When you receive a generous gift, you don’t usually turn around and sell it.
So why, then, would we want to make money from a website on which people are supposed to donate their time to solve development problems? Such an approach, one might argue, is bound to fail because volunteers would feel taken advantage of. This “smacks of cynical exploitation and a values clash”, was an initial reaction of one of my Economist colleagues.
You can be sure that we have had more than one heated debate about this question. Initially, we wanted Lughenjo to be not-for-profit, with revenues to finance the programme coming from The Economist Group as well as long-term sponsors and grants.
Yet this would have been an all too easy way out, not very innovative – and would likely have led us into a dead end. A business model mainly based on the financial support of others has serious drawbacks that would limit Lughenjo’s growth and sustainability. For starters, sponsors and grant givers may jump ship if their priorities and thinking change. At The Economist Group, for instance, many think that shareholder money should not be spent on charitable causes: if shareholders want to do good, they can do it themselves.
What is more, not-for-profits often don’t raise enough funds, and thus cannot fully achieve their mission. Witness the several interesting online volunteering sites such as OnlineVolunteering, run by the UN, and Nabuur, a Dutch site. Although they have pioneered international online volunteering, both have problems getting real traction.
Most importantly, by making its brand and readers available to the site, The Economist Group will be taking a considerable risk, which should be compensated. This will give the Group a strong interest in making Lughenjo a success – which, in turn, will help achieve the site’s mission.
We are not the only ones who have begun to rethink the divide between profit and social goal. There is a growing “social enterprise” movement. One of its leaders is Muhammad Yunus, who – along with the Grameen Bank he founded – won last year’s Nobel Peace Prize for their efforts to create economic and social benefit from below, notably by pioneering microcredits. He is now promoting another idea that he calls “social business enterprise”. This is an enterprise that has an overarching social goal, but is run like a business – which can include making a profit.

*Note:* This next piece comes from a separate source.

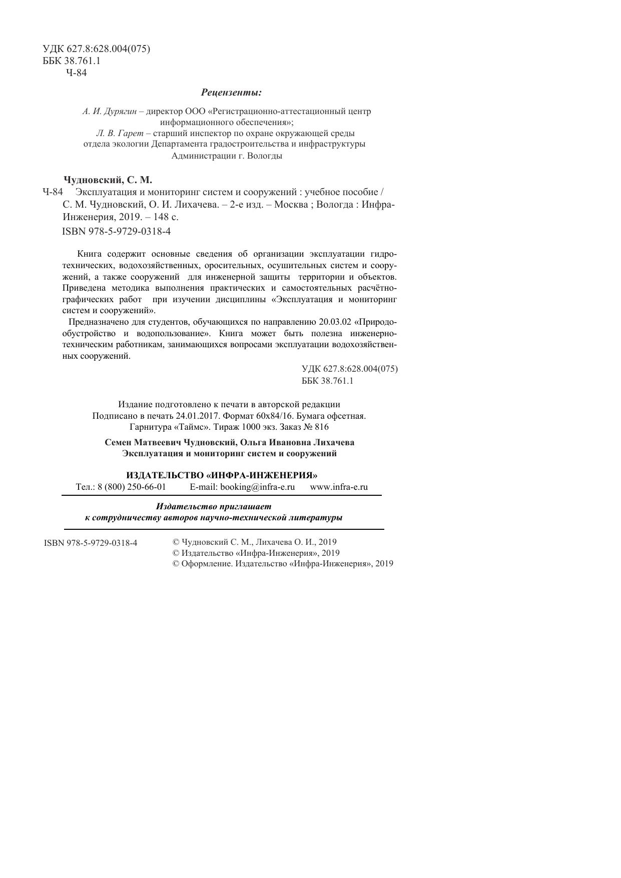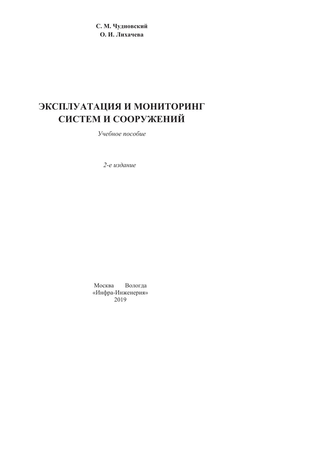 Книга содержит основные сведения об организации эксплуатации гидротехнических, водохозяйственных, оросительных, осушительных систем и сооружений, а также сооружений для инженерной защиты территории и объектов. Приведена методика выполнения практических и самостоятельных расчётно-графических работ при изучении дисциплины «Эксплуатация и мониторинг систем и сооружений».

“Once a social entrepreneur operates at 100% or beyond the cost recovery point he has entered the business world with limitless possibilities”, Yunus writes in an article on Grameen Bank’s website. “This is a moment worth celebrating. He has over-come the gravitational force of financial dependence and now is ready for space flight! This is the critical moment of significant institutional transformation. He has moved from the world of philanthropy to the world of business.”
Grameen Bank itself is the best example so far. Although it lends small sums of money mostly to poor women, it is a for-profit company. In 2006, in made a profit of $20m (which was transferred to a local not-for-profit created to cope with disaster situations – to exempt Grameen Bank from paying corporate income tax). Recently, Yunus launched another social enterprise – a yogurt factory. Built by the French food company Danone, it produces fortified yogurt at an affordable price. Profits will be reinvested, with Danone getting back its initial cost of capital. If the setup is a success, the new company intends to build dozens of such factories.

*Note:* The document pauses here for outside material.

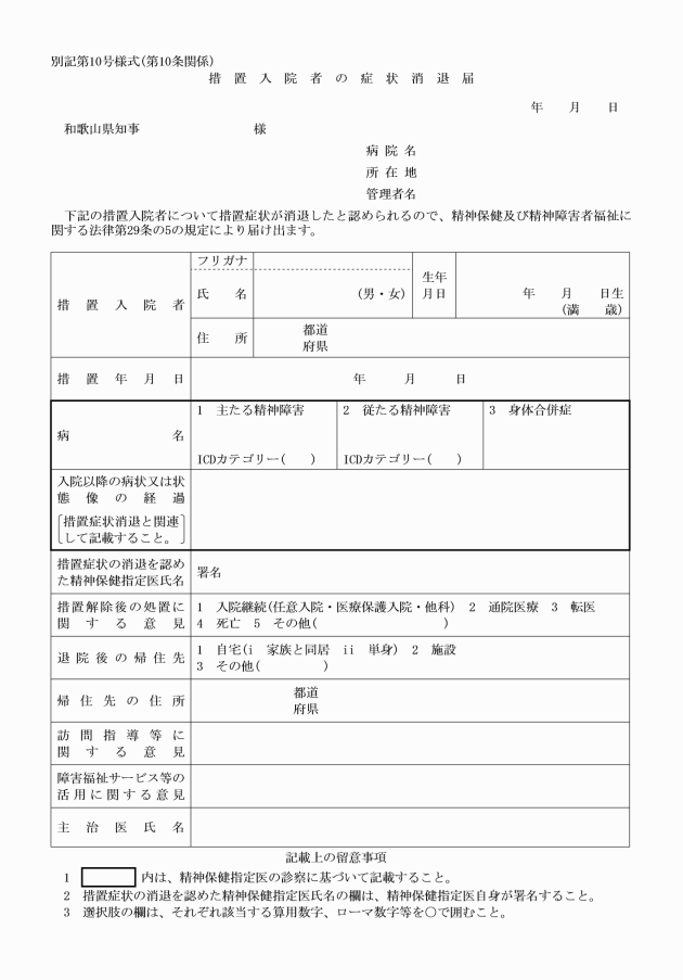 第10条 法第29条の5の規定による届出は、措置入院者の症状消退届(別記第10号様式)により行うものとする。

On the other side of the political spectrum, Eric Posner, a law professor at the University of Chicago Law School and son of the prominent federal appellate judge Richard Posner, has recently co-published a paper making the case for “for-profit charities”. If there currently are hardly any, he argues, it’s because tax benefits are linked to not-for-profits.
The internet has already given birth to a number of pro bono/for-profit hybrids, notably open-source software communities, such as the one that gave birth to Linux, the computer operating system. It is developed by volunteers across the world, but it is accepted that for-profit companies make money off it by selling services and other add-on products as long as they also contribute to the community and “don’t do evil”, to quote Google’s corporate mantra. (By the way: , the online giant’s philanthropic arm, is a “for-profit charity” because this gives it more flexibility.)
In digital philanthropy (meaning websites that allow people to make donations, be they money or time), too, one can also find a few hybrids. GlobalGiving, for instance, a sort of eBay for international philanthropy, that matches donors to projects in developing countries, cooperates with a for-profit partner, which also pays the CEO’s salary. JustGiving, a UK-based private company that enables charities to raise money online, take a slice of the tax refund. And if discussions on SocialEdge, a website for social entrepreneurs, is any guide, there is much interest among charities and NGOs in going “hybrid”.
It is easy to dismiss these efforts as vain attempts to mix oil with water. And admittedly, with Lughenjo, we’re pushing the idea further, by not reinvesting the profit. But we strongly believe that all these examples are just the beginning of a larger trend that will spawn many hybrid organisations that will both do good AND make money. Just as the internet has enabled new business models in the for-profit space, it can do so for charitable organisations. And we hope that Lughenjo will become one of the foremost examples.